INSTRUCTIONS TO FOLLOW ::
Starting with the line that has "Koyu mavi seramikten" and finishing with the line that has "Радиальная кордщетка для", set down each line below exactly. Pictures are not copied.

SOURCE DATA ::
▼▼▼

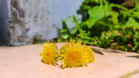 Wild flowers grow in the yard of the house in the Cikancung area, Indonesia
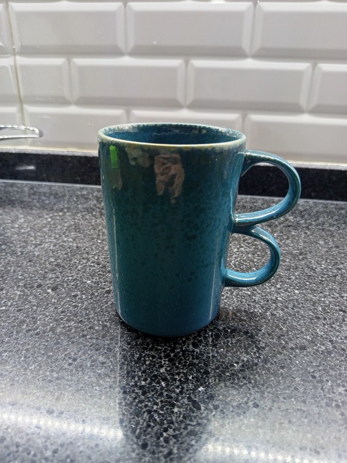 Koyu mavi seramikten yapılmış, çift kulplu tasarıma sahip kupa, içecekleriniz için şık ve kullanışlıdır. ☕
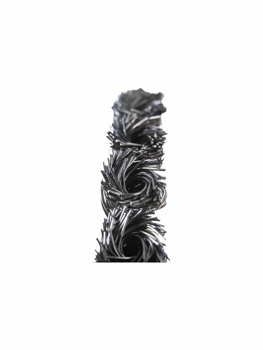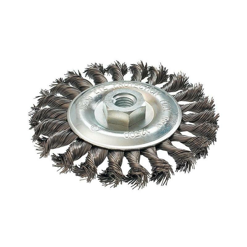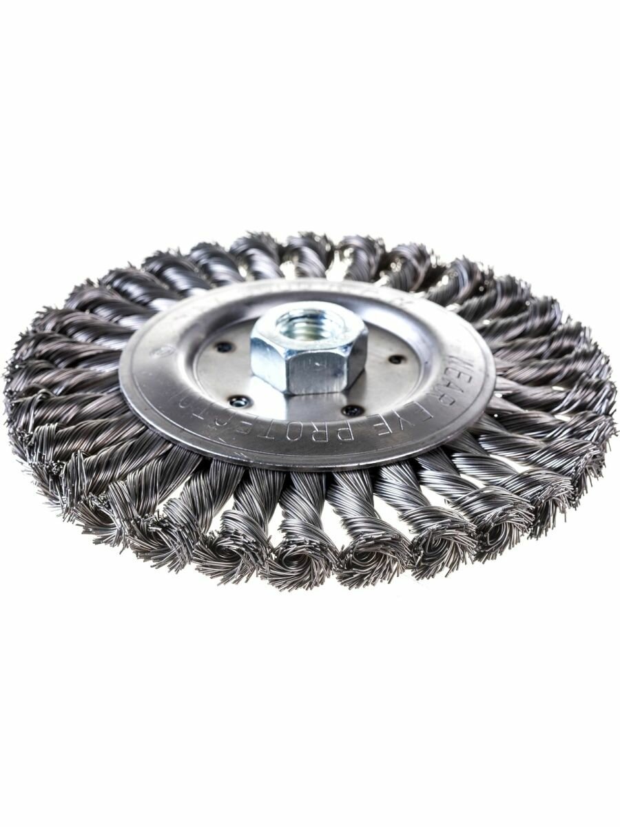 Радиальная кордщетка для углошлифмашины Практика допускает в процессе рабочего применения вращение со скоростью до 9000 об/мин. Соединенные в жгуты пучки стальной проволоки, образующие рабочую часть насадки, не оставляют глубоких царапин на поверхности деталей. В комплекте вам предлагается одна такая единица оснастки для работ по металлу.
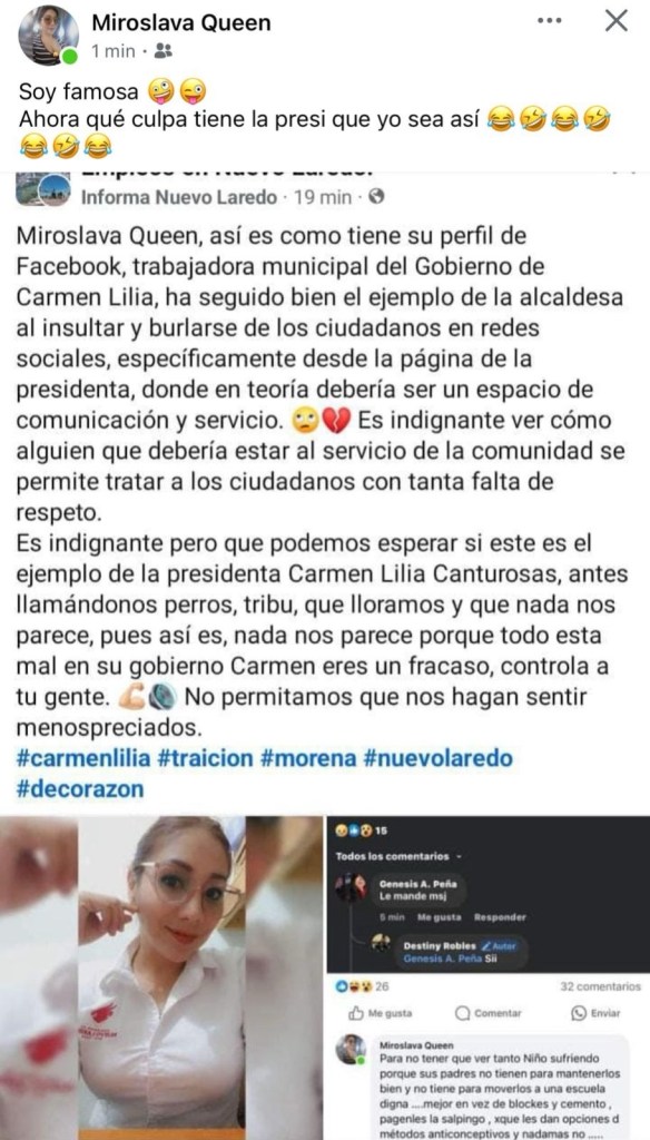 Nuevo Laredo, Tamaulipas, 29 de agosto de 2024 .- Una controversia ha estallado en redes sociales tras la publicación de un comentario clasista y discriminatorio por parte de una empleada municipal, identificada como Miroslava Queen. En un grupo de Facebook, Queen ridiculizó a los niños y niñas de la colonia Praderas del Mezquital, quienes estudian en condiciones precarias. Su comentario, que evidenció una postura despectiva hacia la situación económica de las familias, ha generado una ola de indignación entre la ciudadanía.

▲▲▲

SOLUTION FOR THIS EXERCISE ::
 Koyu mavi seramikten yapılmış, çift kulplu tasarıma sahip kupa, içecekleriniz için şık ve kullanışlıdır. ☕
 Радиальная кордщетка для углошлифмашины Практика допускает в процессе рабочего применения вращение со скоростью до 9000 об/мин. Соединенные в жгуты пучки стальной проволоки, образующие рабочую часть насадки, не оставляют глубоких царапин на поверхности деталей. В комплекте вам предлагается одна такая единица оснастки для работ по металлу.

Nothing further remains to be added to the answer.